### Assignment:
The answer should consist of the full listing below, repeated exactly and free of pictures.

### Supplied material:
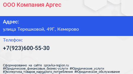 ООО Компания «Аргес» по адресу улица Терешковой, 49Г, Кемерово в дальнейшем Организация, размещена в следующих категориях:
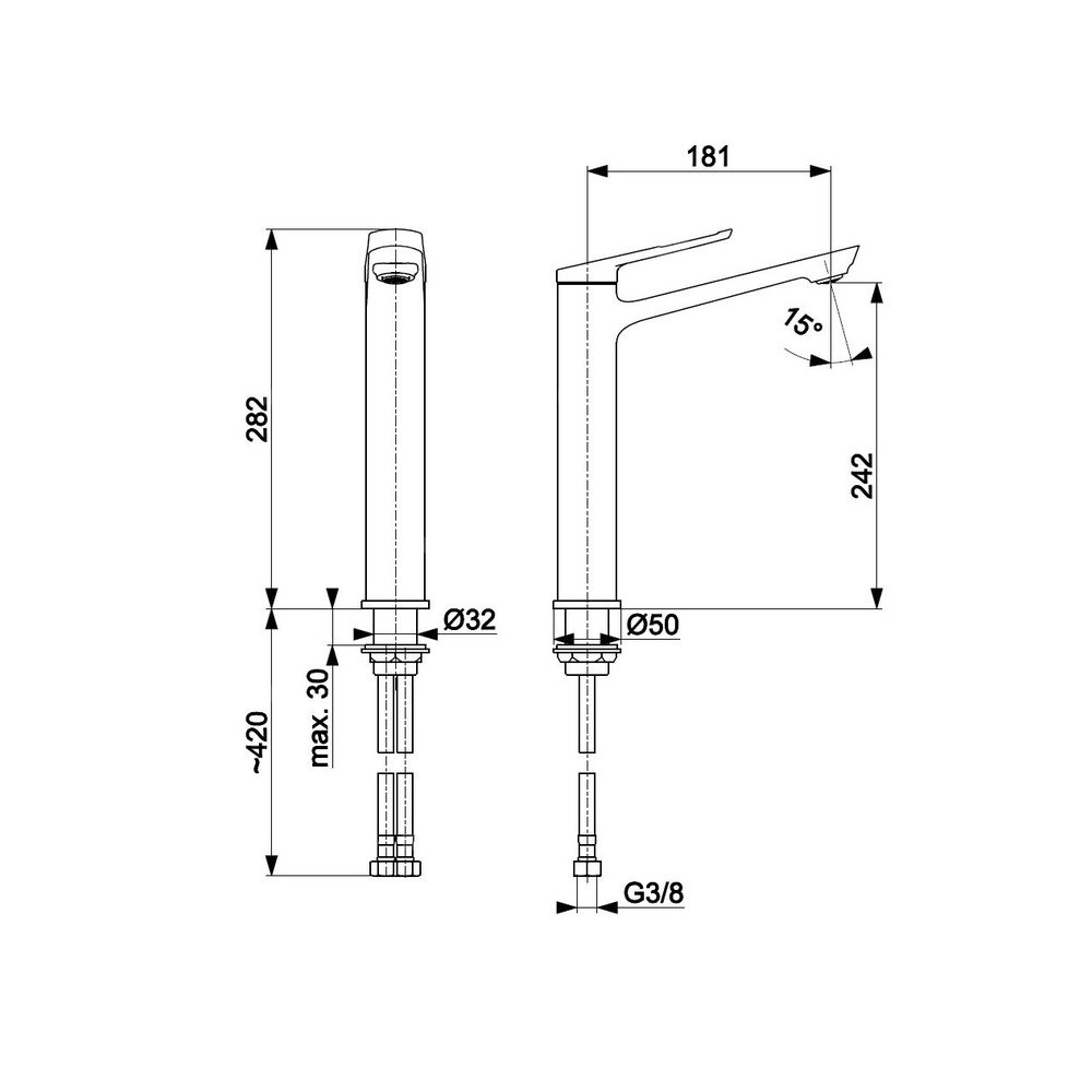 Bateria umywalkowa stojąca nablatowa KFA Armatura AMAZONIT click clack, chrom, montaż blat / otwór na baterię
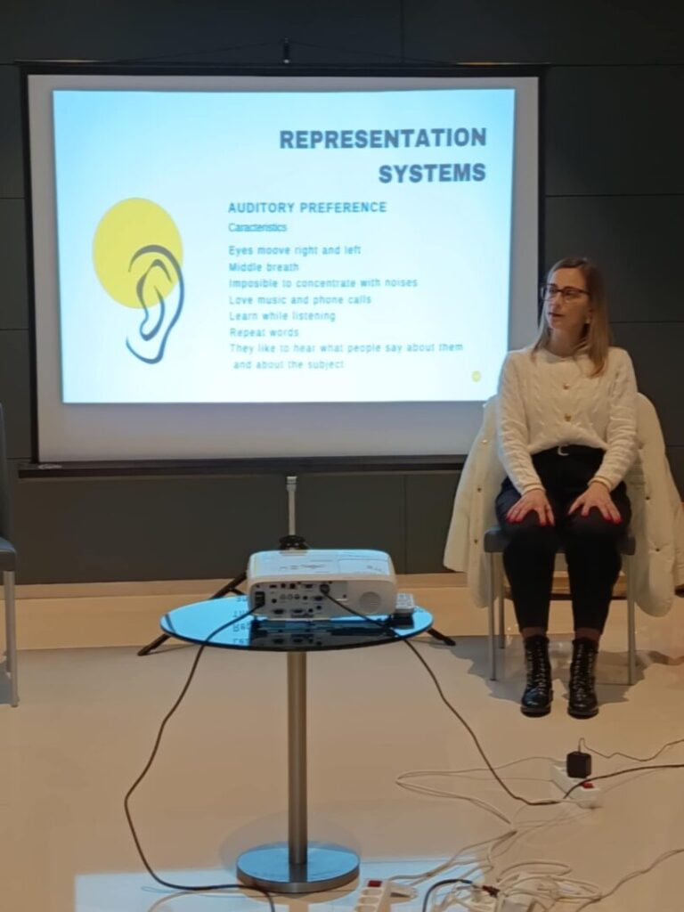 Tijekom petodnevnog intenzivnog programa učiteljice su se kroz predavanja, promišljanja, radionice i različite zadatke upoznale s EBER modelom koji pruža strukturirani okvir za razumijevanje emocionalnih procesa i načina reagiranja na njih. Kroz praktične vježbe obrađivane su teme uvjerenja i samosvijesti, s naglaskom na prepoznavanje unutarnjih obrazaca koji oblikuju ponašanje, odluke i komunikaciju. Posebna pažnja posvećena je reprezentacijskom sustavu, odnosno načinima na koje ljudi percipiraju, obrađuju i pohranjuju informacije, uključujući vizualne, auditivne, kinestetičke i digitalno-auditivne preferencije, što omogućuje prilagodbu komunikacije različitim učenicima i sugovornicima. Učiteljice su se također upoznale s metodama učinkovite komunikacije, uključujući tehniku „sandwich feedback“ za davanje povratne informacije koja kombinira pohvalu i konstruktivne sugestije za poboljšanje. Model neurolingvističkog programiranja pokazao se iznimno značajnim jer potiče dublje razumijevanje sugovornika, jača samokontrolu i samopouzdanje, povećava emocionalnu osviještenost te pridonosi donošenju promišljenih i odgovornih odluka.

### Written answer:
 ООО Компания «Аргес» по адресу улица Терешковой, 49Г, Кемерово в дальнейшем Организация, размещена в следующих категориях:
 Bateria umywalkowa stojąca nablatowa KFA Armatura AMAZONIT click clack, chrom, montaż blat / otwór na baterię
 Tijekom petodnevnog intenzivnog programa učiteljice su se kroz predavanja, promišljanja, radionice i različite zadatke upoznale s EBER modelom koji pruža strukturirani okvir za razumijevanje emocionalnih procesa i načina reagiranja na njih. Kroz praktične vježbe obrađivane su teme uvjerenja i samosvijesti, s naglaskom na prepoznavanje unutarnjih obrazaca koji oblikuju ponašanje, odluke i komunikaciju. Posebna pažnja posvećena je reprezentacijskom sustavu, odnosno načinima na koje ljudi percipiraju, obrađuju i pohranjuju informacije, uključujući vizualne, auditivne, kinestetičke i digitalno-auditivne preferencije, što omogućuje prilagodbu komunikacije različitim učenicima i sugovornicima. Učiteljice su se također upoznale s metodama učinkovite komunikacije, uključujući tehniku „sandwich feedback“ za davanje povratne informacije koja kombinira pohvalu i konstruktivne sugestije za poboljšanje. Model neurolingvističkog programiranja pokazao se iznimno značajnim jer potiče dublje razumijevanje sugovornika, jača samokontrolu i samopouzdanje, povećava emocionalnu osviještenost te pridonosi donošenju promišljenih i odgovornih odluka.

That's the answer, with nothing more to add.